GIVEN DATA
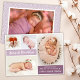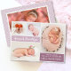 Modern, Girly Lilac and Mauve Baby Birth Announcement 4 Photo Collage Cards. Elegant, cute 2-sided photo birth announcement template card featuring four (4) of your favorite baby photos on front, with a pretty hand lettered script in white on pastel lilac or light purple and mauve or dusty plum purple color blocks. Add your baby's name on the front and birth stats. On the back side there's one horizontal baby photo on blush pink white dotted background. You can easily personalize it.
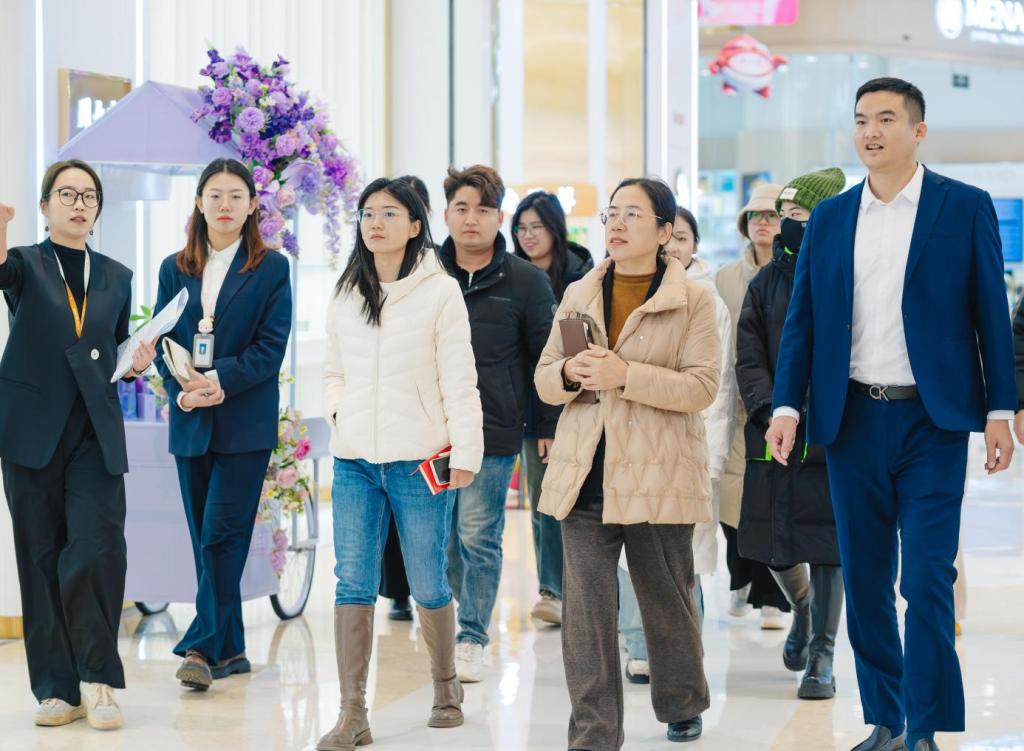 毕业生员工张晓宁带领大家参观了吾悦广场的潮流卖品和火爆的人气餐厅,介绍了企业的智能管控平台、先进的管理模式以及优秀企业文化与经营理念。参观结束后,XC体育与吾悦广场山东区域举行交流座谈会暨实习实践与创新创业基地签约揭牌仪式,江谭与李甲荣共同签署了校企合作协议。江谭在签约仪式上表示,此次校企合作是公司推进产教融合、提升人才培养质量的重要举措,有利于拓宽公司学子实习实训平台,实现互利共赢。陈刚强调,企业高度重视人才培养与技术创新,校企合作有助于为企业注入新活力,实现企业发展与人才培养的良性互动。
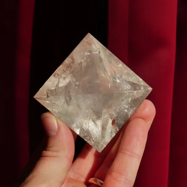 This beautiful piece is carved from high-quality clear quartz with sparkling clarity and flashy rainbows. Our sacred geometry shapes are hand-carved by talented Brazilian artisans. You will receive the exact piece pictured here.
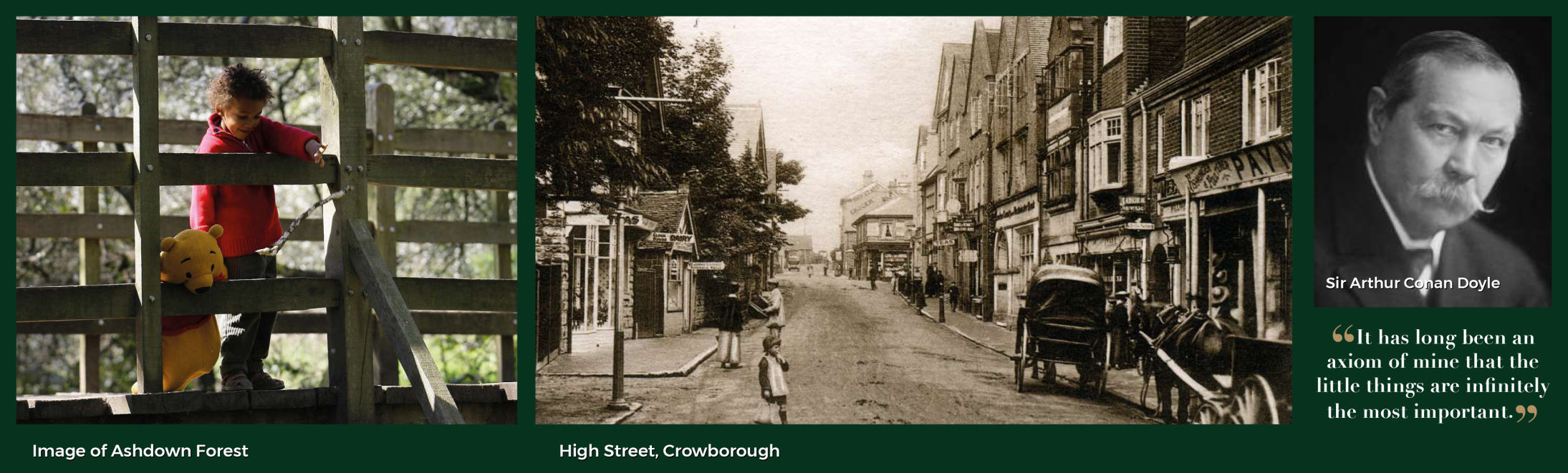 The great Sir Arthur Conan Doyle, author and creator of the word famous Sherlock Holmes, called Crowborough his home for 23 years of his life, whilst nearby Ashdown Forest was A. A. Milne’s setting for the adventures of possibly the most famous bear in the world: Winnie the Pooh.

GOAL OF THE EXERCISE
Reproduce the listing exactly. Do not include its images.

OUTPUT OF THE TASK
 Modern, Girly Lilac and Mauve Baby Birth Announcement 4 Photo Collage Cards. Elegant, cute 2-sided photo birth announcement template card featuring four (4) of your favorite baby photos on front, with a pretty hand lettered script in white on pastel lilac or light purple and mauve or dusty plum purple color blocks. Add your baby's name on the front and birth stats. On the back side there's one horizontal baby photo on blush pink white dotted background. You can easily personalize it.
 毕业生员工张晓宁带领大家参观了吾悦广场的潮流卖品和火爆的人气餐厅,介绍了企业的智能管控平台、先进的管理模式以及优秀企业文化与经营理念。参观结束后,XC体育与吾悦广场山东区域举行交流座谈会暨实习实践与创新创业基地签约揭牌仪式,江谭与李甲荣共同签署了校企合作协议。江谭在签约仪式上表示,此次校企合作是公司推进产教融合、提升人才培养质量的重要举措,有利于拓宽公司学子实习实训平台,实现互利共赢。陈刚强调,企业高度重视人才培养与技术创新,校企合作有助于为企业注入新活力,实现企业发展与人才培养的良性互动。
 This beautiful piece is carved from high-quality clear quartz with sparkling clarity and flashy rainbows. Our sacred geometry shapes are hand-carved by talented Brazilian artisans. You will receive the exact piece pictured here.
 The great Sir Arthur Conan Doyle, author and creator of the word famous Sherlock Holmes, called Crowborough his home for 23 years of his life, whilst nearby Ashdown Forest was A. A. Milne’s setting for the adventures of possibly the most famous bear in the world: Winnie the Pooh.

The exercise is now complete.